Environmentalists have gone to court to stop the Trump administration to allow 3,500 new gas wells in southwestern Wyoming, contending the wells will interrupt an historic migration route for the Pronghorn antelope.
The area in question is also where antelope have historically traversed a 170-mile migration route every year for 6,000 years. Conservation groups filed a legal petition challenging the government’s plan, alleging the government approved the wells without properly analyzing the potential harm to pronghorn and other wildlife. Their challenge contends the wells would prevent access to winter ranges for the pronghorn.
Migration memory is passed from parent to offspring among ungulates, said the conservationist Linda Baker, the director of the Upper Green River Alliance. “If we cut off their migration route, that memory is lost and not likely to be regained in the life of a pronghorn. This area is a high cold desert, so they survive on sagebrush.

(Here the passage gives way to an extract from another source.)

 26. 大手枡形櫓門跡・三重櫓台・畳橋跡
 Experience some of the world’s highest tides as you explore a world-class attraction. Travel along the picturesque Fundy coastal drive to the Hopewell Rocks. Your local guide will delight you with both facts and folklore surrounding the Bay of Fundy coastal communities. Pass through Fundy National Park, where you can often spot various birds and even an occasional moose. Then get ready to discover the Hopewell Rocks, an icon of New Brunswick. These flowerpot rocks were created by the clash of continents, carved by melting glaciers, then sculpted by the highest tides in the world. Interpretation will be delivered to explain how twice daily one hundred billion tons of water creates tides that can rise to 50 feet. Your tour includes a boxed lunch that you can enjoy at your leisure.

If they can’t get to traditional winter ranges on these pathways, they won’t survive.”
The migrating animals belong to the the Sublette herd, which has already declined by 40% in the past decade. About 300 animals from this herd live in a summer range in Grand Teton national park in north-western Wyoming and travel the Path of the Pronghorn to their winter range in the Upper Green River Valley in south-east Wyoming.
But pronghorn also exist in Oklahoma, especially in the Panhandle and the western part of the state.

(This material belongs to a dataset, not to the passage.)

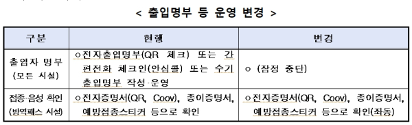 출입명부는 추후 신종 변이바이러스가 등장하거나 유행양상 등 방역상황 변동에 따라 탄력적으로 운영할 계획이다.

The northern portion of their route is protected as the nation’s first national pronghorn migration corridor. Oil and gas leasing and development is closed, wildlife overpasses and underpasses have been installed along major roadways, and millions of dollars in wildlife-friendly fencing have replaced barbed wire fences that prevented pronghorn passage.
But the southern portion, where the Bureau of Land Management (BLM) permitted Jonah Energy to build the 3,500 new wells, enjoys no such protection. In fact, the migration corridor on this end has already been narrowed by two existing neighboring gasfields.
Studies show pronghorn do not deviate from their ancient routes, so blocking access to these southerly habitats might destroy the park’s entire pronghorn herd and further reduce the Sublette pronghorn population.
“We’re very concerned about what this could do for the pronghorn of Grand Teton national park,” said Kelly Fuller, the energy and mining campaign director at Western Watersheds Project. “BLM never analyzed these impacts, even though they knew this could happen. They never analyzed what would happen to the park if it lost its pronghorn, or what would happen to communities that promote pronghorn migration for tourism.”
The BLM is currently reviewing the legal petition, but it told the Guardian that it believed the energy permits complied with rules regulating wildlife and conservation.
“If this corridor is destroyed by natural gasfields, the people that come to Grand Teton to see these amazing animals will no longer be able to see them,” said Baker. “It’s just not acceptable to let a beautiful species like this go extinct in one of our most iconic national parks.”